This essay was published on January 28, 2016, in the Deseret News and the Church News.

The Church History Library has recently placed several new items on display in its “Foundations of Faith” exhibit. An ancient papyrus, a record of the first general conference, and the handmade sketch that accelerated the construction of temples over the past two decades are among the items that make the Church’s organization and growth relevant to visitors today.

The oldest item that has been added to the exhibit is a fragment of papyrus scrolls, which date from the second century B.C. The scrolls were acquired by the Church in 1835 after having been discovered in Egypt.

Shortly thereafter, Joseph Smith began translating the book of Abraham.

The scrolls were sold to multiple parties in 1856 and most may have been destroyed in the Great Chicago Fire of 1871. Later, 10 fragments were discovered to be held by the Metropolitan Museum of Art in New York City, where Kirtland-era paper was attached to the back side as reinforcement. The fragments were transferred to the Church in 1967.

Visitors can also now see two items from the Church’s first general conference on June 9, 1830. At the meeting, Joseph Smith Sr. was ordained to a ministerial position and the certificate of his ordination was signed by Joseph Smith and Oliver Cowdery.

Fifteen years later, Lucy Mack Smith dictated a narrative of her life and family. In her history, on the page open to display, she gives emphasis to the priesthood ordination that is documented by the record created at the time of the event.

The “Call to Save Grain” was written in 1876 by Emmeline B. Wells as an editorial in the Woman’s Exponent, which launched a Relief Society program that influences the Church to this day.

The article inspired women to gather and guard wheat carefully, loan it to the poor, and share it in times of drought. These relief efforts expanded in 1906 when the women sent wheat and other supplies to San Francisco after an earthquake and to China during a famine.

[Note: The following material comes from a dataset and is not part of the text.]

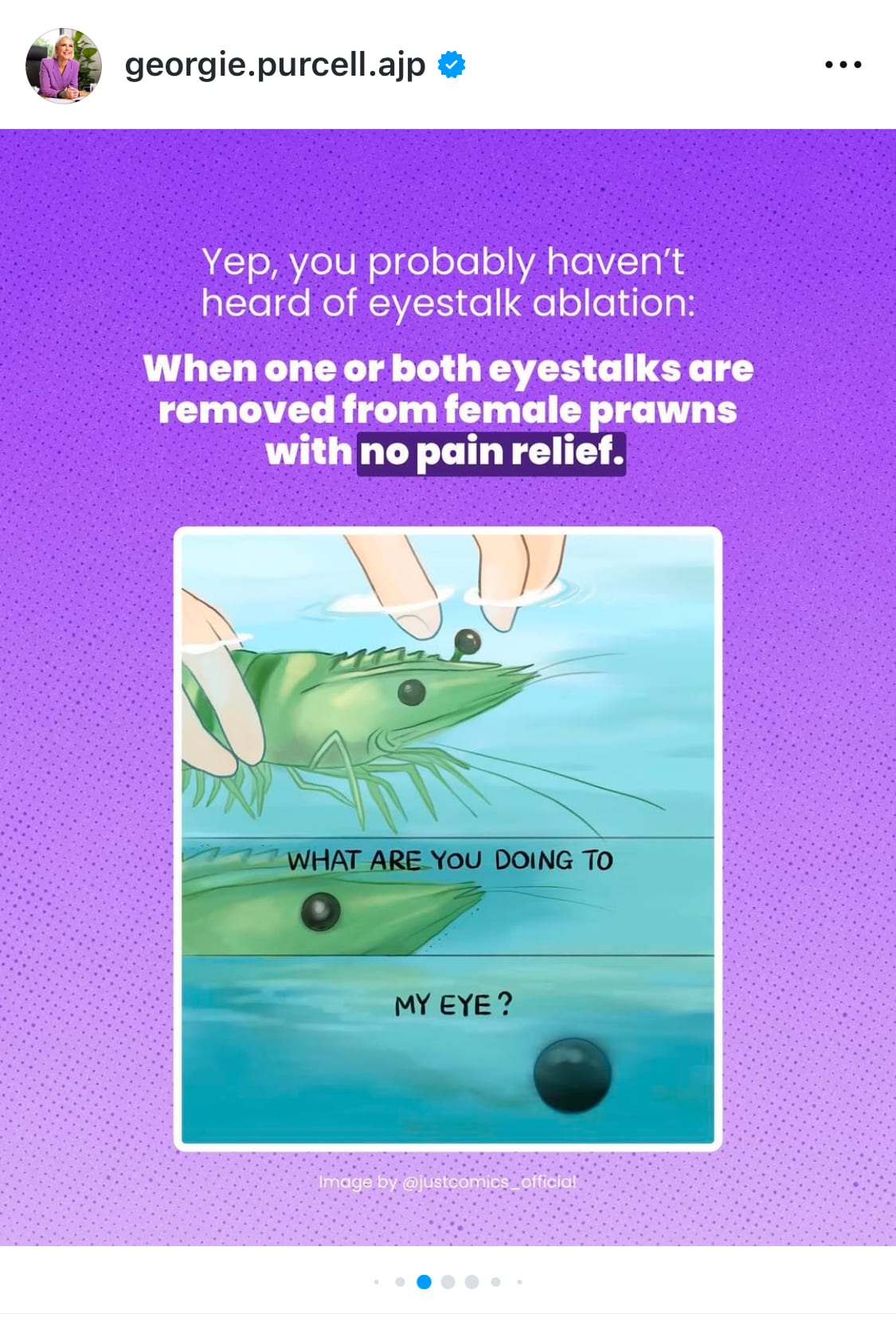 She’s just posted on instagram about shrimp eyestalk ablation. This is the first time I’ve seen this mentioned outside of the Effective Altruism context and it suggests to me that the idea is gaining attention.
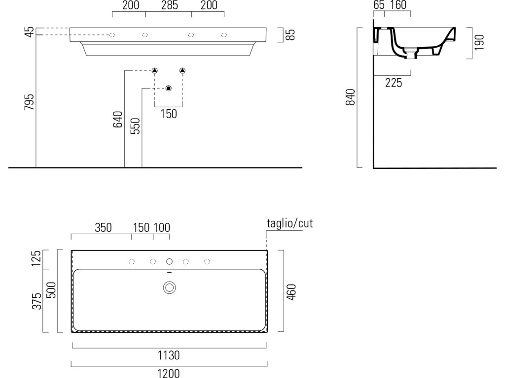 GSI NUBES keramické umyvadlo 120x50cm, bílá ExtraGlaze 9624111

In 1978, the Relief Society officially transferred its wheat to the Church’s Welfare Services program. The grain storage initiative thus served as a forerunner to the Church’s welfare, family and humanitarian services programs.

The youngest item in the exhibit is a sketch created by President Gordon B. Hinckley in June 1997. After reflecting on how to help faithful Saints in outlying areas receive the blessings of the temple, he drew a floor plan for a smaller temple with only the essential facilities. He announced the concept at the October 1997 general conference and by August 1998 the first small temple had been completed in Monticello, Utah. Since 1997, more than 50 small temples have been constructed or announced in 19 additional countries and 17 U.S. states where none had been before.

The exhibit’s self-guided tour pamphlet has been revised to answer common questions, to explain how the documents are preserved, and to draw out stories about the experience and impact of women as well as the Church’s worldwide mission and growth.

The “Foundations of Faith” exhibit opened in September 2014, promoted a dramatic increase in visitors to the library, and served as the core of an extremely successful youth conference experience last summer. An online version of the exhibit is available at https://history.lds.org/exhibit/foundations-of-faith.

The Church History Library is open Monday through Friday from 8 a.m. to 5 p.m., with extended hours on Thursday evening until 9 p.m. and on Saturday from 10 a.m. to 3 p.m. The library preserves important records so that we may reflect on, write and understand history. Admission to the library and exhibit is free and open to the public.